Option 2c: Penalization

Finally, using each \({\mathrm{ERS}}\), we also explored two additional multivariate mediation methods: (1) pathway lasso22, and (2) high-dimensional mediation analysis using a joint significance test for mediation effect21. These methods evaluate specific pairs of \({\mathrm{ERS}}\) and mediators to compare and differentiate group-level findings from sparse mediation effects of individual mediators. Both of these comparative methods deploy the models denoted in Eqs. (6) and (7).

Pathway lasso introduces a penalty parameter on the product of indirect effects and performs shrinkage and selection to identify pairs of \({\mathrm{ERS}}\) and single mediators that have the most robust mediation pathway.

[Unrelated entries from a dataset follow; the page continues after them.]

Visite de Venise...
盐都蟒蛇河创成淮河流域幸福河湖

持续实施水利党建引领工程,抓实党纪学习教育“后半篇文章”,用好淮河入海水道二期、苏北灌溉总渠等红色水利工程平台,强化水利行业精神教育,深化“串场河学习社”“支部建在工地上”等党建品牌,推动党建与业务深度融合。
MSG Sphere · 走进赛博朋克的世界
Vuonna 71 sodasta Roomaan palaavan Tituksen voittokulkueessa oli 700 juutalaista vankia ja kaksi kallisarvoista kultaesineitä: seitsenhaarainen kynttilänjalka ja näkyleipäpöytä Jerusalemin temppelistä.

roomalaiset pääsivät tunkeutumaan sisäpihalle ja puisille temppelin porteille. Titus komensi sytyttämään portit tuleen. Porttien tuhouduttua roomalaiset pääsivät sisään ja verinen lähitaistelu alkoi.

We applied the joint significance test for high-dimensional mediation analysis using the hima package (version 1.0.7). Hima applies the minimax concave penalty (MCP) to regularize the coefficients estimated in Eqs. (6) and (7) and identify important mediating pathways21. Subsequently, hima conducts a joint significance test based on the MCP-penalized coefficients, resulting in adjusted p-values accounting for multiple comparisons using either the Benjamini Hochberg or Bonferroni method.

Sensitivity analyses

In addition to the dimension reduction approach with population value decomposition, we also explored a sparse principal components mediation analysis method52. In this approach, all mediators are evaluated simultaneously to construct individual mediator vectors similar to Eq. (9). Individual sparse principal components were modeled as mediators using Eqs. (1) and (2). We also evaluated correlations between sparse principal components and individual mediators to evaluate their contribution to the newly constructed components.

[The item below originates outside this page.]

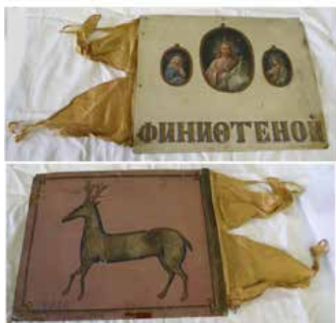
Ил. 17. Знамя финифтяного цеха, Ростов Великий. Лицевая и оборотная стороны. XIX век. Медь, железо, ткань; роспись. 30,7 × 25,2. Государственный музей-заповедник «Ростовский кремль». Инв. № М-3126
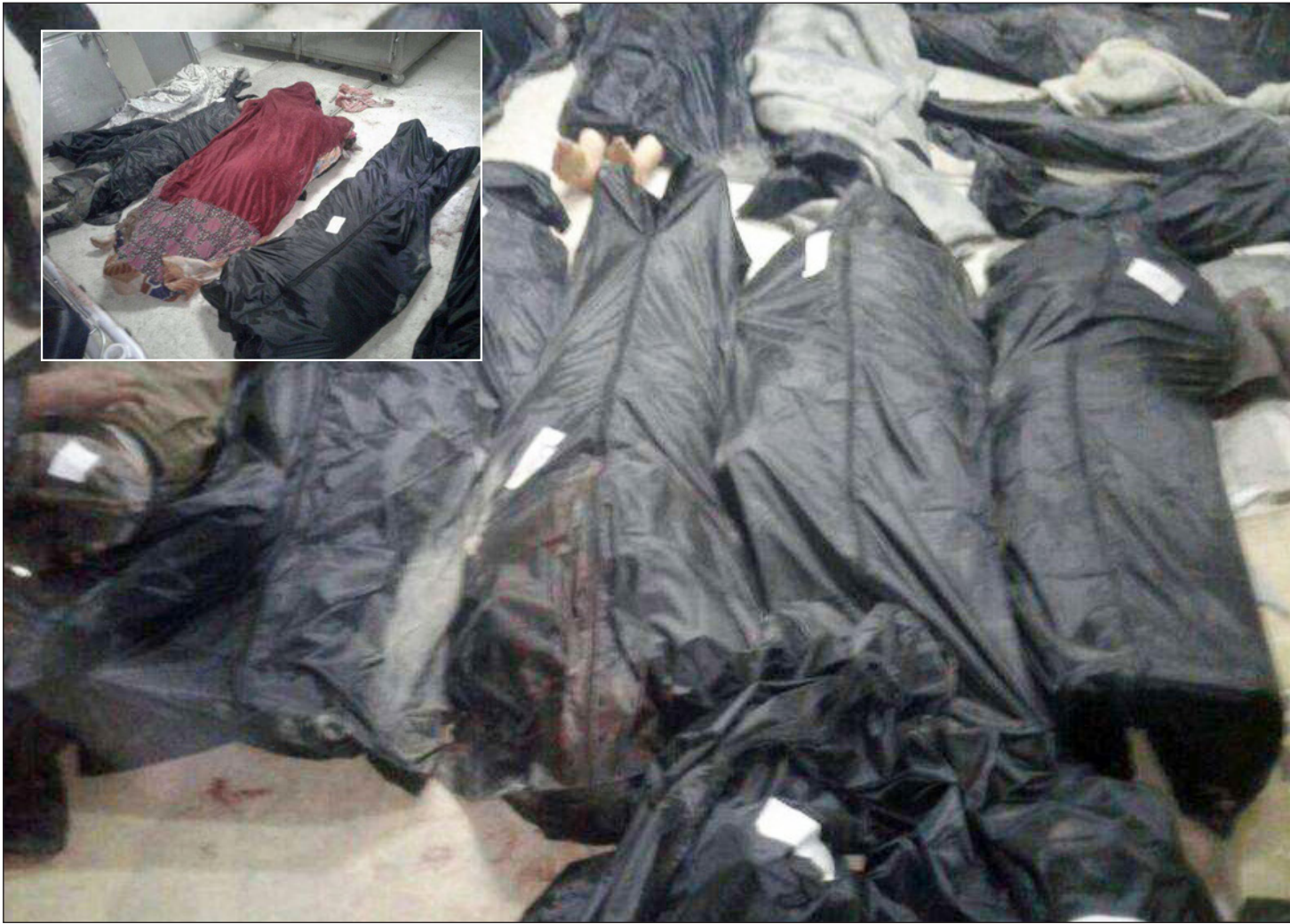
صورة وزعتها وكالة النظام الرسمية «سانا» لجثث ضحايا تنظيم «الدولة» في حماة (رويترز)

■ عواصم - وكالات: قال بشار الجعفري رئيس وفد الحكومة السورية بمحادثات جنيف أمس الجمعة إن الضربة الجوية التي نفذتها الولايات المتحدة في سوريا أمس الأول تمثل «إرهاب حكومات» وتسيبت بمجزرة في حين وصفت روسيا الضربة بأنها انتهاك غير مقبول للسيادة السورية. وقال مسؤولون أمريكيون إن الجيش الأمريكي نفذ الضربة الجوية الخميس ضد مسلحين تدعمهم الحكومة السورية شكلوا تهديدا للقوات الأمريكية ومقاتلي سورين تدعمهم الولايات المتحدة في جنوب البلاد، وقال الجعفري إنه أثار الواقعة خلال محادثات السلام في جنيف مع ستافان دي ميستورا مبعوث الأمم المتحدة الخاص إلى سوريا. وقال للصحافيين «كنا نعتقد بشكل مسهب عن المجزرة التي أحدثها العدوان الأمريكي أمس في بلادنا وأخذ هذا الموضوع حقه من النقاش والشرح ولم يكن غائبا عن أنظارنا».

To evaluate the robustness of our proposed analytical approach toward the assumptions that we defined earlier, including sequential ignorability, we recommend deploying three additional sensitivity analyses. First, we leverage the medsens function within the mediation package (version 4.5.0). This sensitivity analysis simulates the change in the natural indirect effect as a function of a sensitivity parameter, ρ, which is representative of unmeasured confounders influencing the variation in the mediator and outcome models53. Another sensitivity analysis that we recommend is the calculation of an E-value to evaluate the vulnerability of adjusted mediation models to unmeasured confounding. To calculate this parameter, we used the EValue package (version 3.0.9) and focused only on our final model of phthalate risk score and the \({\mathrm{MGE}}_{\mathrm{i}}\) created from using all mediators simultaneously. In this setting, with a continuous outcome variable, we utilized the risk ratio approximation approach for standardized outcome variables54. A third sensitivity analysis that can be leveraged is the evaluation of the difference in mediation effect signal with the agnostic combination of all covariates in every unique combination. For six covariates in our study, that results in the evaluation of 63 unique covariate combinations.